In a retrospective study, Stein et al. examined the effects of
concurrent i.v. administration of sodium and/or ticarcillin disodium
(an antibiotic agent that contains 5.2 meq of sodium/g) in leukemic
patients receiving empiric amphotericin B (11). The
incidence of nephrotoxicity was significantly lower in patients receiving ticarcillin (18 g/day) than in patients not receiving adequate ticarcillin (defined as less than 18 g/day). There was also a
trend toward decreased nephrotoxicity in patients receiving i.v. sodium
at 154 meq/day. Stein et al. did note that the patients that
developed nephrotoxicity tended to be older and had higher baseline SCr
values, although gender, total dose of amphotericin B, and presence of
fungal infection were not related to the occurrence of nephrotoxicity.
Branch and colleagues conducted a retrospective study of 38 patients
receiving amphotericin B with (salt supplement group) or without
(no-salt group) ticarcillin disodium or any other form of i.v. sodium
(3). Patients in the no-salt-supplement group had a
significantly greater incidence of nephrotoxicity than the group that
received a daily i.v. sodium load in excess of 150 meq in the form of
ticarcillin (12% versus 67%, P = 0.0015). It was
noted that patients in the no-salt-supplement group were a much
healthier population, with 10 of 21 patients not having an underlying
malignancy. The authors concluded that the use of sodium
supplementation (e.g., i.v. saline and/or ticarcillin disodium) along
with avoidance of dehydration appears to be a safe and effective means
of decreasing the risk of nephrotoxicity associated with the
administration of amphotericin B. Despite these results, it is
difficult to draw conclusions from these inadequately controlled studies concerning the use of prophylactic sodium supplementation in
patients receiving amphotericin B therapy.
Dopamine, an endogenous catecholamine, when administered in low doses (3 µg/kg/min), selectively dilates the renal vasculature, induces natriuresis, and increases renal blood flow, glomerular filtration rate, and urine output (10). It is these properties that led us to investigate the potential role of dopamine in reducing the incidence, severity, and time to development of amphotericin B-induced nephrotoxicity.

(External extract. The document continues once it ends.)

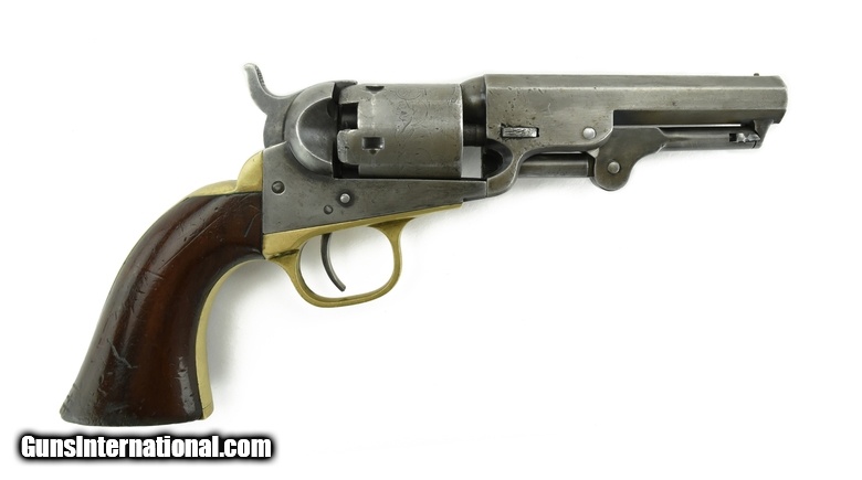 Description: Colt 1849 Pocket model. 31 caliber 6 shot revolver. Matching serial numbers. Lever is not numbered but high serial number 49 models are not numbered. Bore is good with strong rifling. Cylinder scone is good, being about 60-70% visible. Grips have approximately 95% original varnish. Brass parts have a fine even patina. This is a one line New York barrel address 1849. In very good condition. SOLD Antique: Yes |

In our study, patients were randomized to receive either a continuous infusion of dopamine or no dopamine at the initiation of amphotericin B therapy. Demographic characteristics were comparable for the two groups. Although there was a 13% difference noted in the incidence of nephrotoxicity between the two groups, this was not statistically significant (P = 0.32). Also important to note was the trend toward a lessened severity of nephrotoxicity in the group that received dopamine, with twice as many patients in the no-dopamine group developing grade III or IV (>2.5-fold baseline Scr level) nephrotoxicity. In addition, there was no difference noted between groups in the time to development of nephrotoxicity of grades I to III. The patients not receiving dopamine, however, developed grade IV nephrotoxicity, and thus were withdrawn from the study, somewhat earlier than the patients receiving dopamine.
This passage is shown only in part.